Увеличилось количество грамотных людей (в Москве читать и писать умели 24 процента жителей); появились новые учебные заведения. В 1687 году открылась Славяно-греко-латинская академия, возглавлявшаяся греками братьями Лихудами, - высшая школа, где преподавались риторика, философия, история, грамматика, логика, греческий и латинский языки.

В литературе появились новые жанры и герои. Авторы повестей о Смуте, осмысливая ее причины, впервые увидели в царях живых людей со своим характером, темпераментом, положительными и отрицательными чертами. В церковной и в светской архитектуре утверждается «московское (нарышкинское) барокко» с обилием декоративных элементов - «узорочьем». Произошел поворот от символического, одухотворенного мира древней иконописи к реалистическим изображениям. «Пишут Спасов образ, Еммануила, лице одутловато, уста червонная, власы кудрявые, руки и мышцы толстые, персты надутые, тако же и у ног бедры толстыя, и весь яко немчин брюхат и толст учинен», - сокрушался об искажении прежних образцов протопоп Аввакум. Интерес к человеческой личности нашел воплощение в «парсунах» - изображениях реальных лиц с использованием иконописной манеры, но с индивидуальными портретными чертами.
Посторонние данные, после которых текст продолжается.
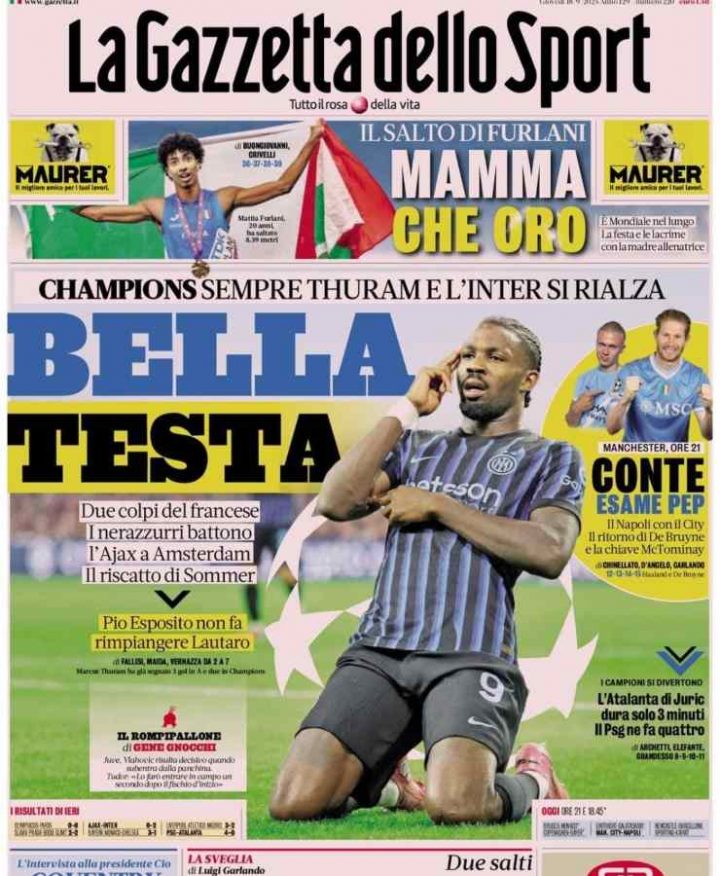 La Gazzetta dello Sport apre titolando sulla vittoria dell’Inter in Champions League contro l’Ajax. Due gol del francese sono bastati ai nerazzurri per battere la formazione olandese.

Кризис средневекового мировоззрения проявился не только в «каменном узорочье» храмов и росте образованности; он имел и оборотную сторону - культурный «надлом», сдвиг в массовом сознании, вызванный колебанием незыблемых прежде основ (исконного уклада жизни, царской власти, церковного благочестия). Оборотной стороной патриархального устройства общества были произвол и крепостничество; осознание ценности человеческой личности сочеталось с ее повседневным унижением; вера в превосходство своего, отеческого и православного сталкивалась с реальным экономическим, военным, культурным превосходством «латын» и «люторов» и первыми попытками реформ, разрушавших прежний быт.

Голод и гражданская война в начале столетия, раскол и преследования за «старую веру» во второй его половине способствовали страшным проявлениям жестокости по отношению к соотечественникам. Разорения Смуты и «похолопление» общества плодили выбитых из привычной жизненной колеи «ярыжек», «казаков», «гулящих людей», для которых кабак становился желанным пристанищем. Новации и вызванные ими конфликты производили определенный «сдвиг в нравственном пространстве» московского человека. Его результатом для одних было принятие начавшихся перемен, для других - уход в оппозицию, в раскол, в бегство, в том числе и в кабак, для третьих - бунт в поисках «вольной воли».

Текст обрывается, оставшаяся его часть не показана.